Propos recueillis par Stéphanie Dassa
Vous réalisez pour le Mémorial de la Shoah une exposition intitulée « La spoliation des Juifs, une politique d’État ». Cette politique en place dans le Reich dès 1933 et adoptée par Vichy en 1941 a-t-elle permis d’évincer les Juifs de l’économie française tout en légalisant un système économico-criminel ?
Une très grande partie des politiques antisémites à l’œuvre durant la guerre, qu’elles soient allemandes ou françaises, reposent sur des bases légales, depuis les exclusions professionnelles portées par les deux « statuts des Juifs » promulgués par Vichy jusqu’à la politique d’ « aryanisation », en passant par les recensements mis en place par les autorités françaises et allemandes.
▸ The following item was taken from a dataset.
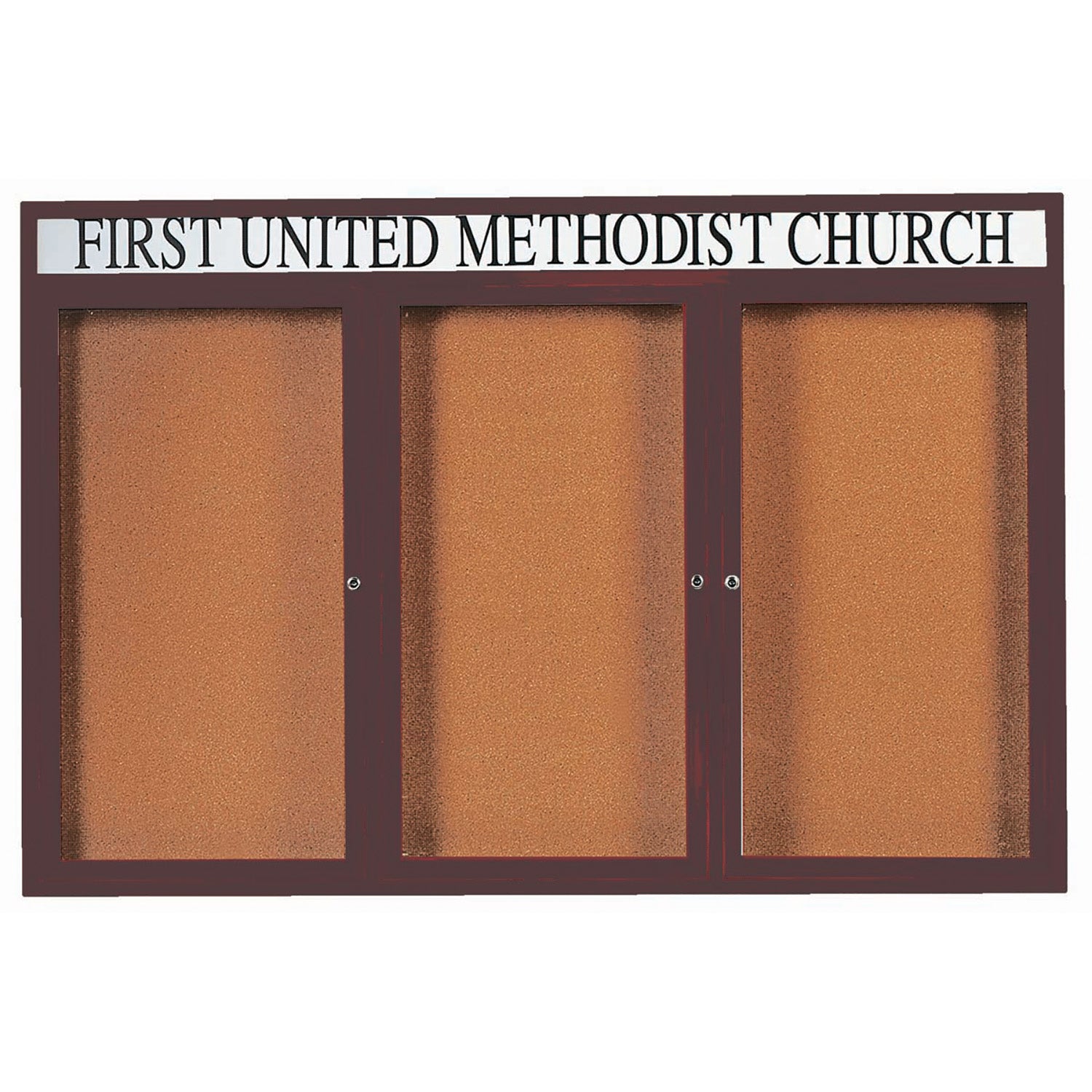 3 Door Enclosed Bulletin Board with Header - Non-Illuminated - Outdoor Usage

Ces recensements sont d’ailleurs directement liés aux spoliations. Ils sont mis en place, particulièrement en ce qui concerne Vichy, afin d’identifier autant les personnes que leurs biens, ceci afin de permettre ensuite la dépossession. L’ « aryanisation », c'est-à-dire la principale des politiques de spoliations (lesquelles sont un vol légal, par opposition au pillage), s’avère être une politique qui a été menée avec une redoutable efficacité : on peut estimer qu’à la fin 1943 la totalité ou presque des biens définis par la loi comme devant être confisqués à leurs propriétaires l’ont été. En 1944, 50% de ces biens confisqués sont considérés comme définitivement « aryanisés » (vendus ou bien liquidés).